Strengths as an Ethical Guide

  • Protects the individual from injury and establishes spheres of freedom.

  • Establishes standards of social behavior that are independent of outcomes.

Weaknesses as an Ethical Guide

  • Can encourage individualistic, selfish behavior that interferes with order and cooperation.

  • Establishes personal prerogatives that may present obstacles to productivity and efficiency.

Conclusion

Innovation in global health today goes hand-in-hand with social entrepreneurship.  Social entrepreneurship combines the passion of a social mission with business ideas of discipline, innovation, and determination.  Social entrepreneurs in global health are creative, willing to think outside the box, and ready to apply ideas to new situations.

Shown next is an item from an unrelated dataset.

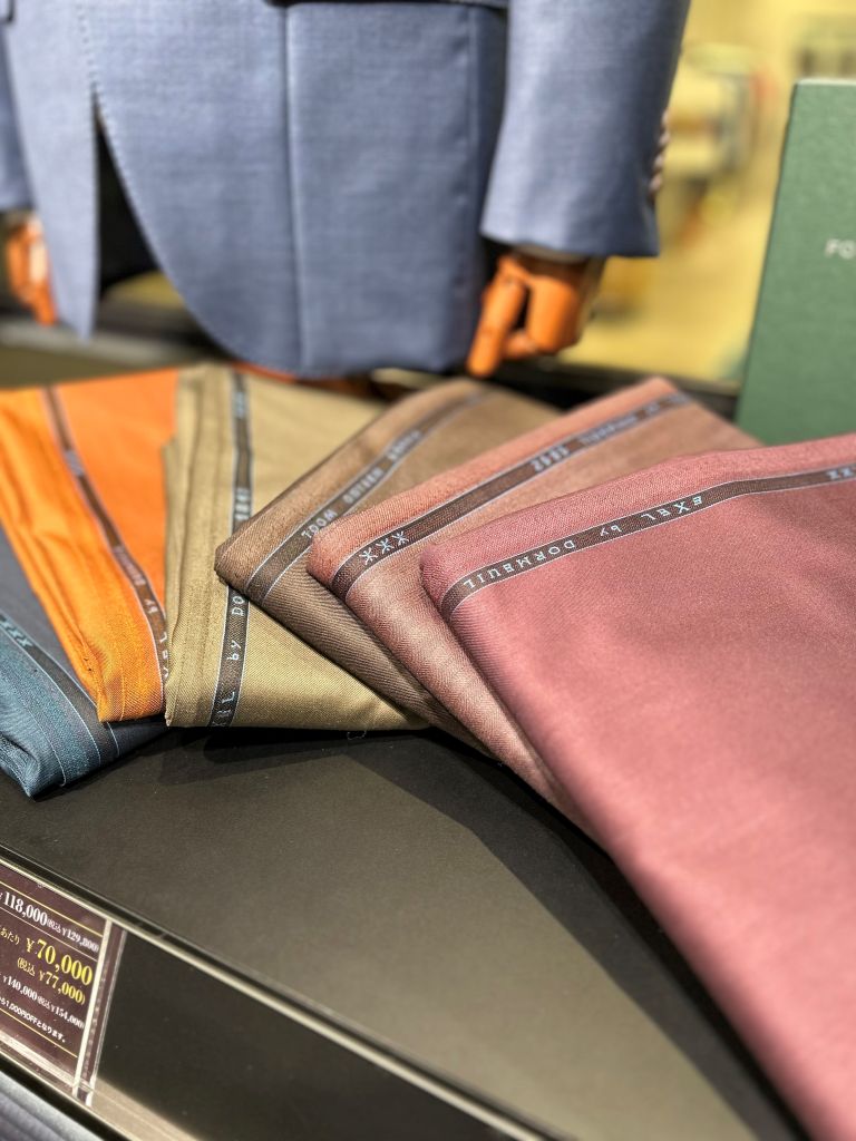 ちなみにこのドーメルの生地は”エクセルブルー”というストレッチ、撥水のかかった高機能のシリーズで、光沢も強く非常に人気が高い商品です!
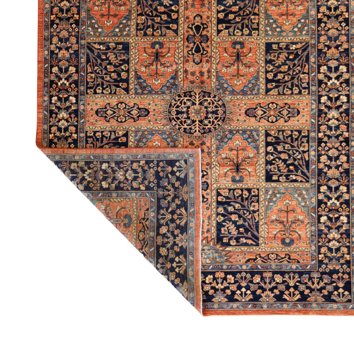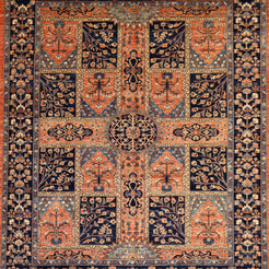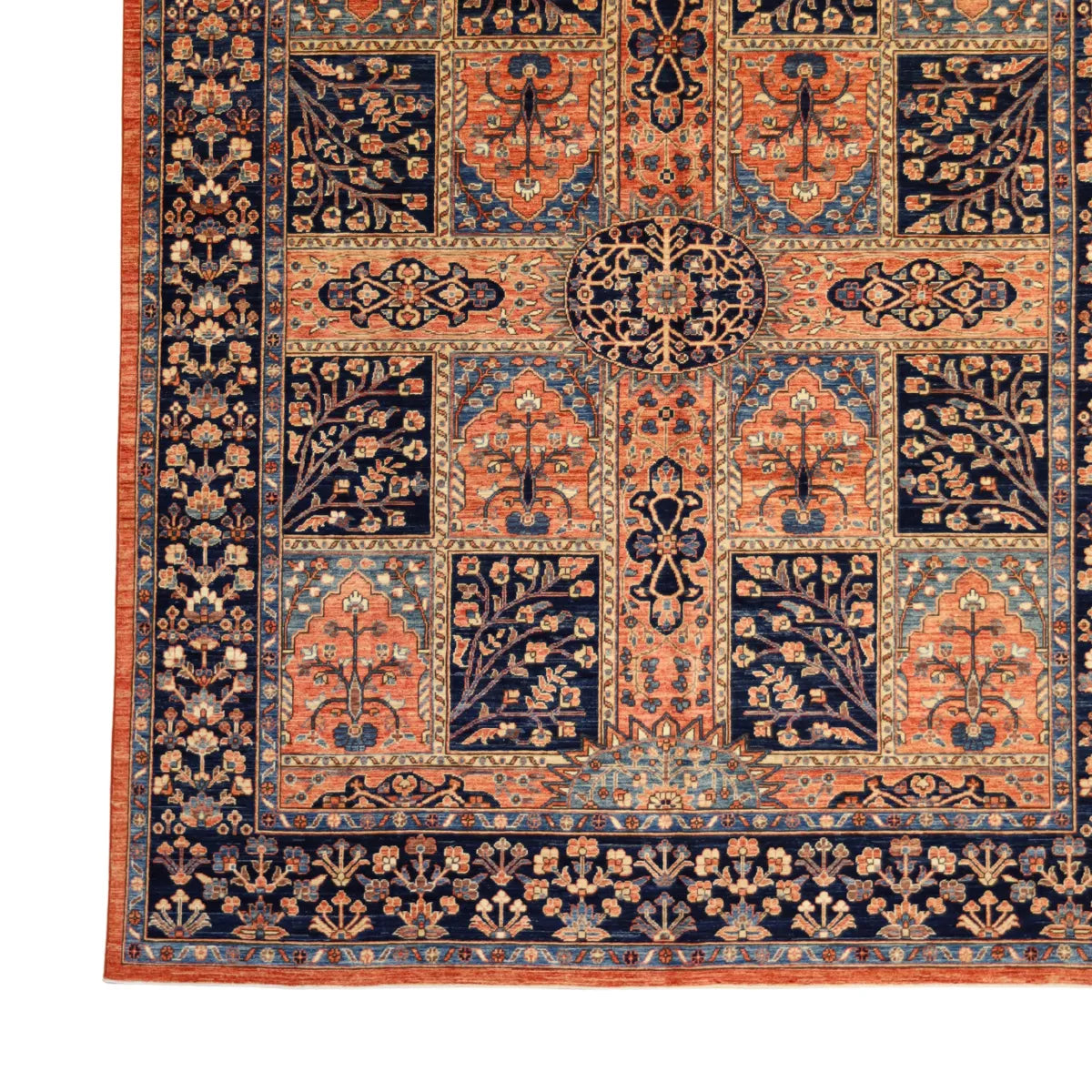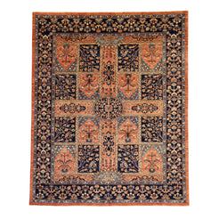 Introduce Classic Charm with PANNEL Style. This exquisite KAZAK rug, crafted in an elegant pannel design, brings a timeless and structured look to your home. The defined panels on the RUST base create a graceful, organized feel, beautifully framed by the contrasting NAVY border. Ideal for traditional, transitional, or even contemporary spaces, this pannel rug offers a refined sense of order and beauty. Sourced from PAKISTAN, this handmade masterpiece combines enduring craftsmanship with a sophisticated touch. Measuring 8' 1" x 9' 11", it���s made to enrich your home with lasting style.

Of course, not all social innovations are successful.  While failures inform social entrepreneurs about what to avoid in a future enterprise, they can cause significant harm to “test” populations.  Because social entrepreneurs work in different social contexts, they must always evaluate their innovative ideas within a variety of ethical frameworks.

Footnotes

(1) Daar, A. S., H. Thorsteinsdottir, D. K. Martin, A. C. Smith, S. Nast, and P. A. Singer. 2002. Top ten biotechnologies for improving health in developing countries. Nat. Genet. 32:229-232.

(2) Rogers, E.M. Diffusion of Innovations, Fifth Edition. Free Press, New York, 1995.

(3) Attridge, Derek. 1999. “Innovation, Literature, Ethics: Relating to the Other.” PMLA 114:20–31.

(4) Page, Robert. Ethics in Innovation. Survey Insights. Unpublished material.